**Task objective:**
Return the listing in full and exactly, but without a single picture.

**The data:**
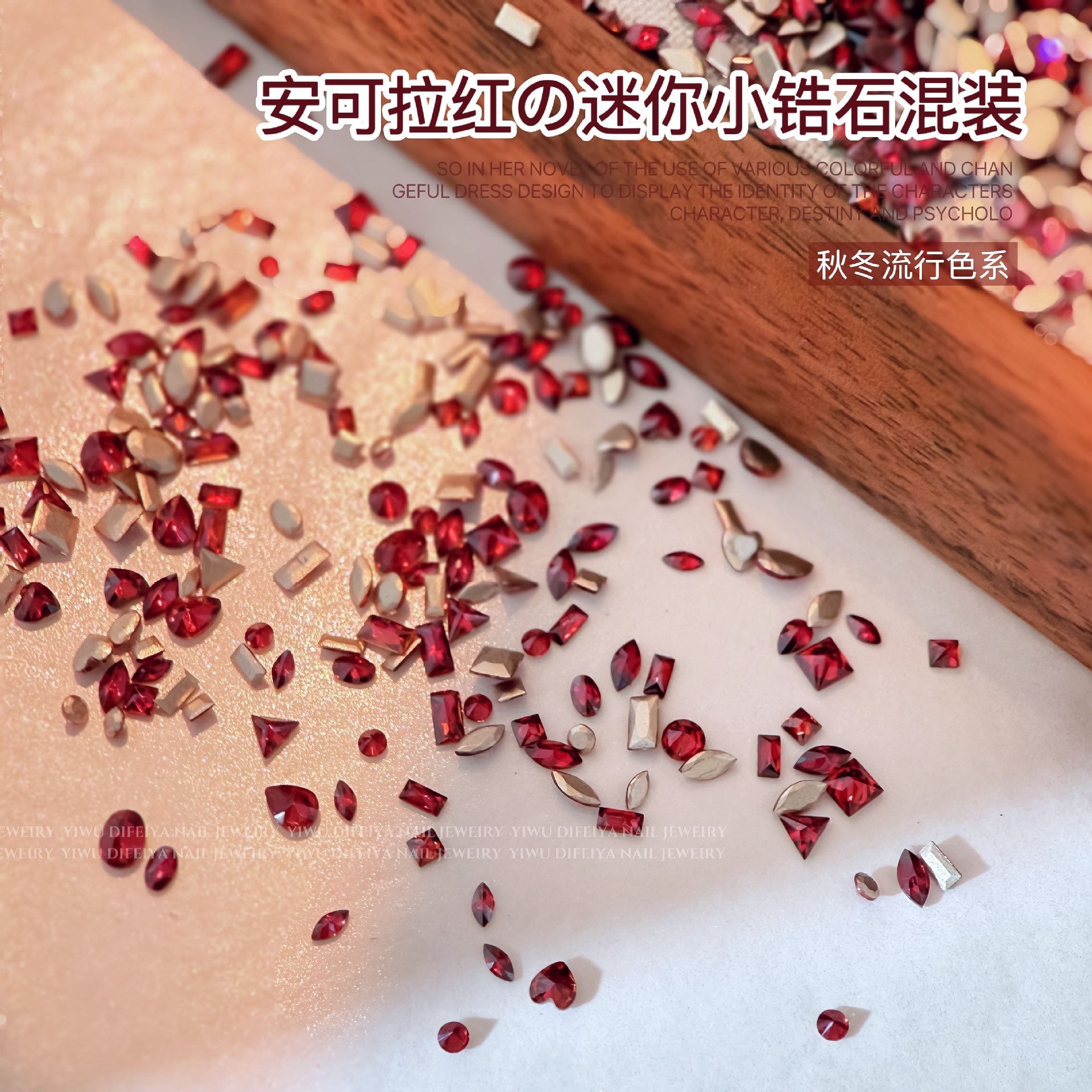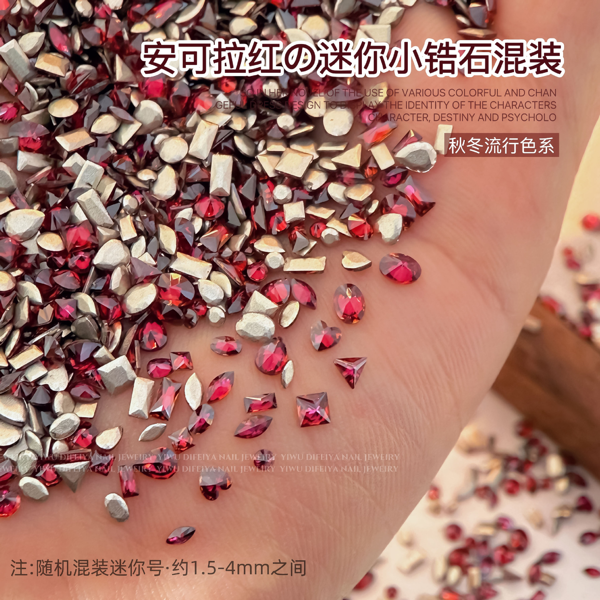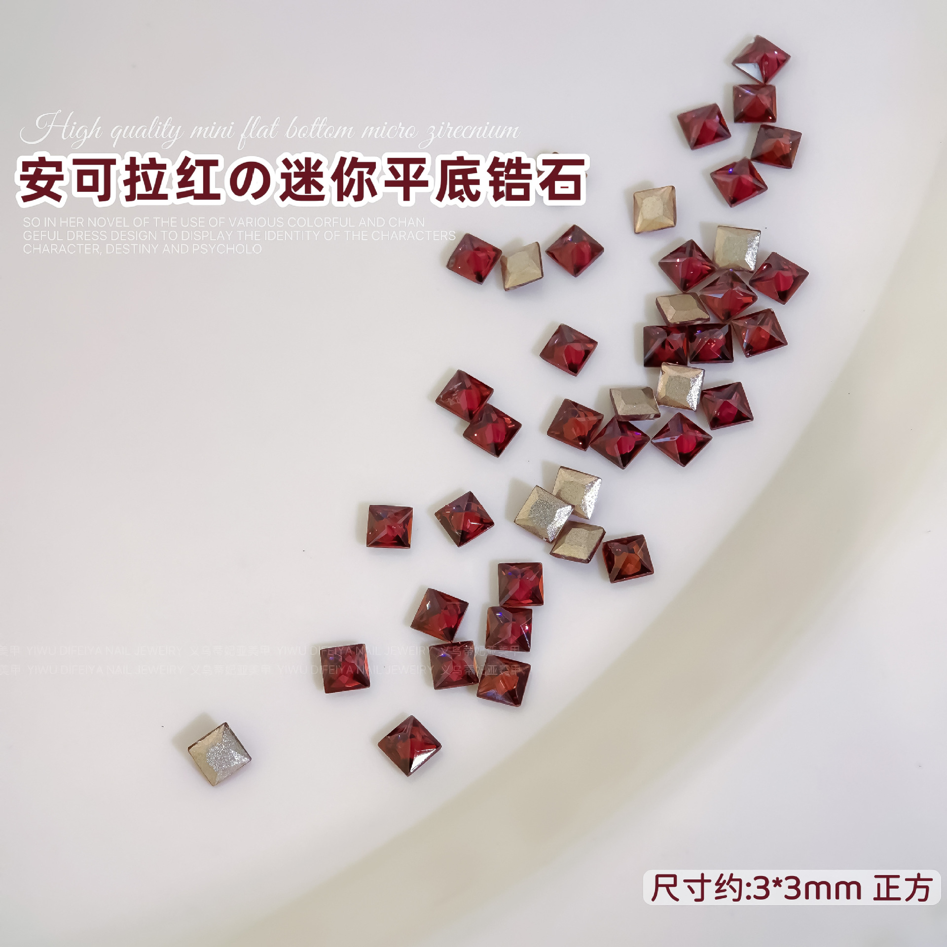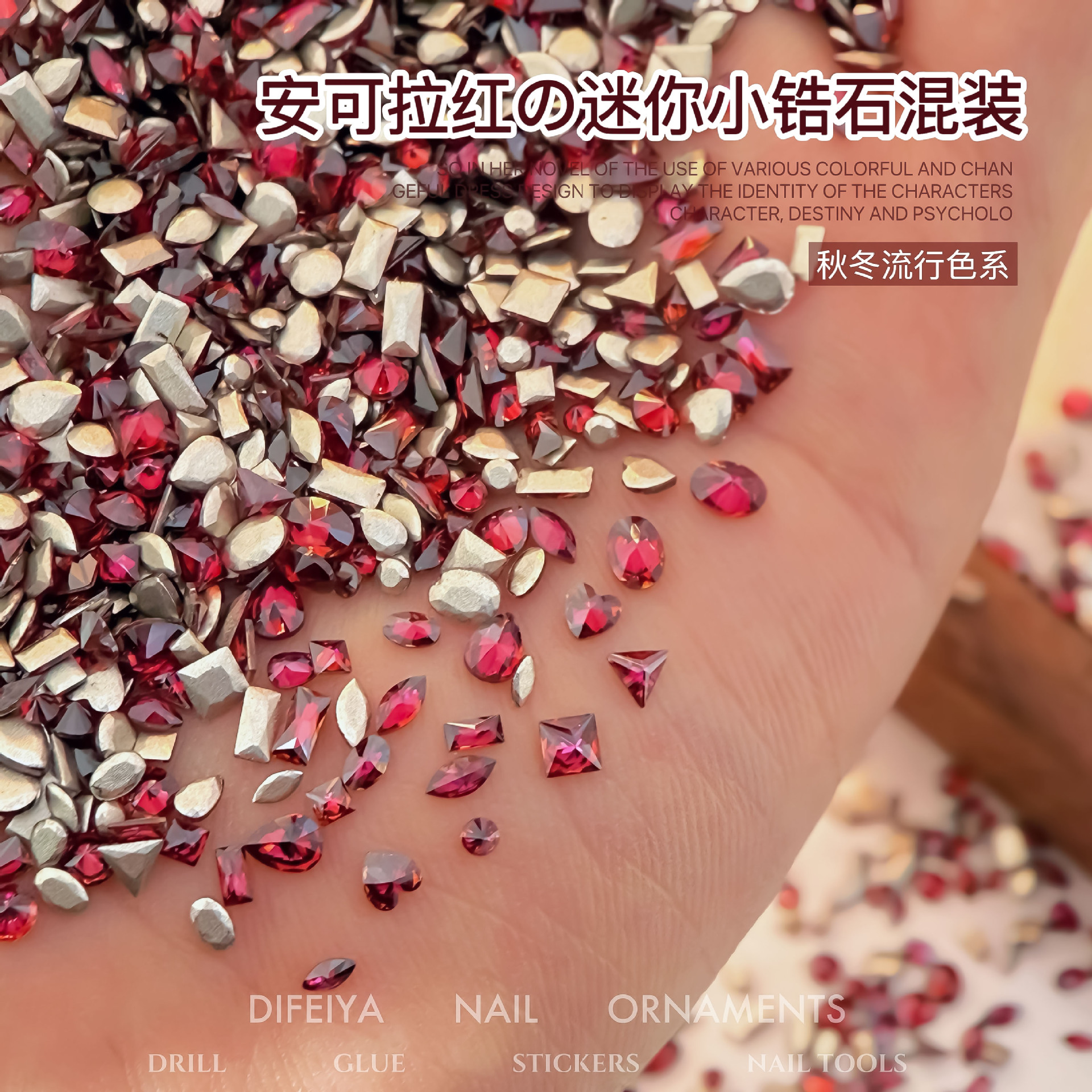 Ancora Red Reverted Edge Zircon 혼합 네일 아트 쥬얼리 새해 다크 레드 플랫 바닥 드릴 스몰 사이즈 모양의 네일 드릴 장식품
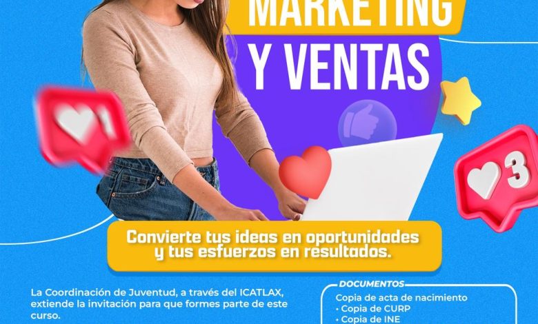 Tlax Ene 2026.- El Gobierno Municipal de Huamantla, a través de la Coordinación de Juventud y en colaboración con el ICATLAX, invita a las y los jóvenes huamantlecos a formar parte del Curso de Marketing y Ventas, una capacitación diseñada para fortalecer habilidades comerciales, impulsar proyectos personales y generar mayores oportunidades de desarrollo económico.
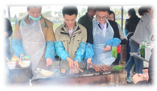 有經驗的“大廚”紛紛搶當爐頭,躍躍欲試,招攬“顧客”,瞧這幾位,那是相當專業,不僅有賣相,肉串烤得也非常棒,香酥可口。除了燒烤當然還有娛樂活動啦——麻將、撲克全上陣啦。

**Answer section:**
 Ancora Red Reverted Edge Zircon 혼합 네일 아트 쥬얼리 새해 다크 레드 플랫 바닥 드릴 스몰 사이즈 모양의 네일 드릴 장식품
 Tlax Ene 2026.- El Gobierno Municipal de Huamantla, a través de la Coordinación de Juventud y en colaboración con el ICATLAX, invita a las y los jóvenes huamantlecos a formar parte del Curso de Marketing y Ventas, una capacitación diseñada para fortalecer habilidades comerciales, impulsar proyectos personales y generar mayores oportunidades de desarrollo económico.
 有經驗的“大廚”紛紛搶當爐頭,躍躍欲試,招攬“顧客”,瞧這幾位,那是相當專業,不僅有賣相,肉串烤得也非常棒,香酥可口。除了燒烤當然還有娛樂活動啦——麻將、撲克全上陣啦。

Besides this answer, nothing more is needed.